*Exercise instructions*: In the material below, find the line with "A beautiful Lemon" and the line with "Eiger, Mönch, Jungfrau", then output both and every line between them exactly, omitting pictures.

*Data to use*:

________________

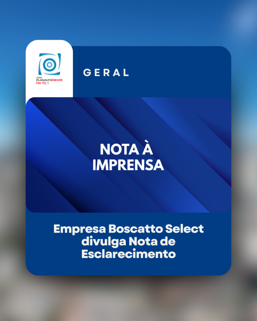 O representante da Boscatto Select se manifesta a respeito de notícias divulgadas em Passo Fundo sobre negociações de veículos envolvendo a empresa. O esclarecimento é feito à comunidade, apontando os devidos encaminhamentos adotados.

________________

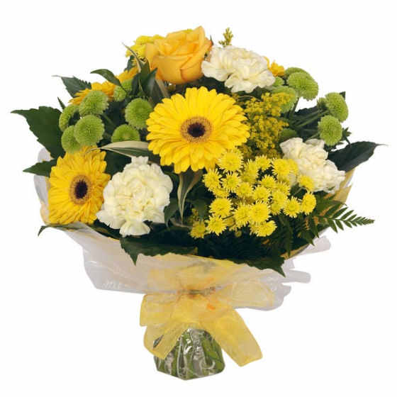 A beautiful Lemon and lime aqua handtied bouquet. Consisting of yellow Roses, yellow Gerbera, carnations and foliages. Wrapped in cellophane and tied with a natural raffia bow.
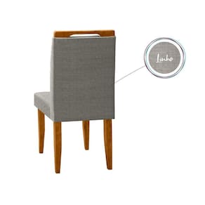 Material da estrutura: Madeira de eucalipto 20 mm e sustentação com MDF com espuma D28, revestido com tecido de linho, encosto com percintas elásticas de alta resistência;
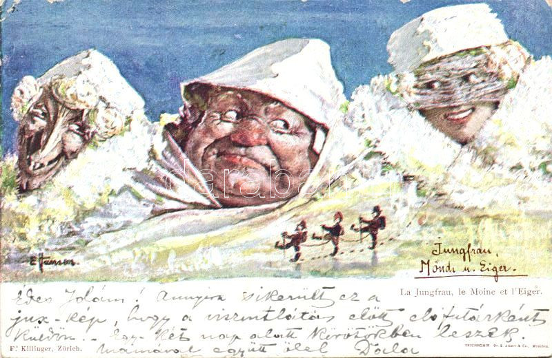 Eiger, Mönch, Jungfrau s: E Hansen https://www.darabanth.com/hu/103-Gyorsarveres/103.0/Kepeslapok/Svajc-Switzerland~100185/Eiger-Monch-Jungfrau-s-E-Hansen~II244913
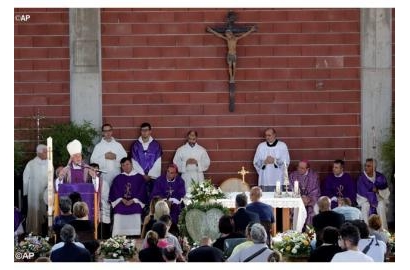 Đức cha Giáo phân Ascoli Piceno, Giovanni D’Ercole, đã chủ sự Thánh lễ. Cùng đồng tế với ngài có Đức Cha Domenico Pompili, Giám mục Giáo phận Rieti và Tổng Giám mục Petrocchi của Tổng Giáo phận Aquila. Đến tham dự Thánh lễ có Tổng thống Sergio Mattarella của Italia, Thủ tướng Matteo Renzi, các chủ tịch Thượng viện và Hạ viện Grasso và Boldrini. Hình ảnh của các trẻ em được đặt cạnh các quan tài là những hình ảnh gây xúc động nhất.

________________

*Answer section*:
 A beautiful Lemon and lime aqua handtied bouquet. Consisting of yellow Roses, yellow Gerbera, carnations and foliages. Wrapped in cellophane and tied with a natural raffia bow.
 Material da estrutura: Madeira de eucalipto 20 mm e sustentação com MDF com espuma D28, revestido com tecido de linho, encosto com percintas elásticas de alta resistência;
 Eiger, Mönch, Jungfrau s: E Hansen https://www.darabanth.com/hu/103-Gyorsarveres/103.0/Kepeslapok/Svajc-Switzerland~100185/Eiger-Monch-Jungfrau-s-E-Hansen~II244913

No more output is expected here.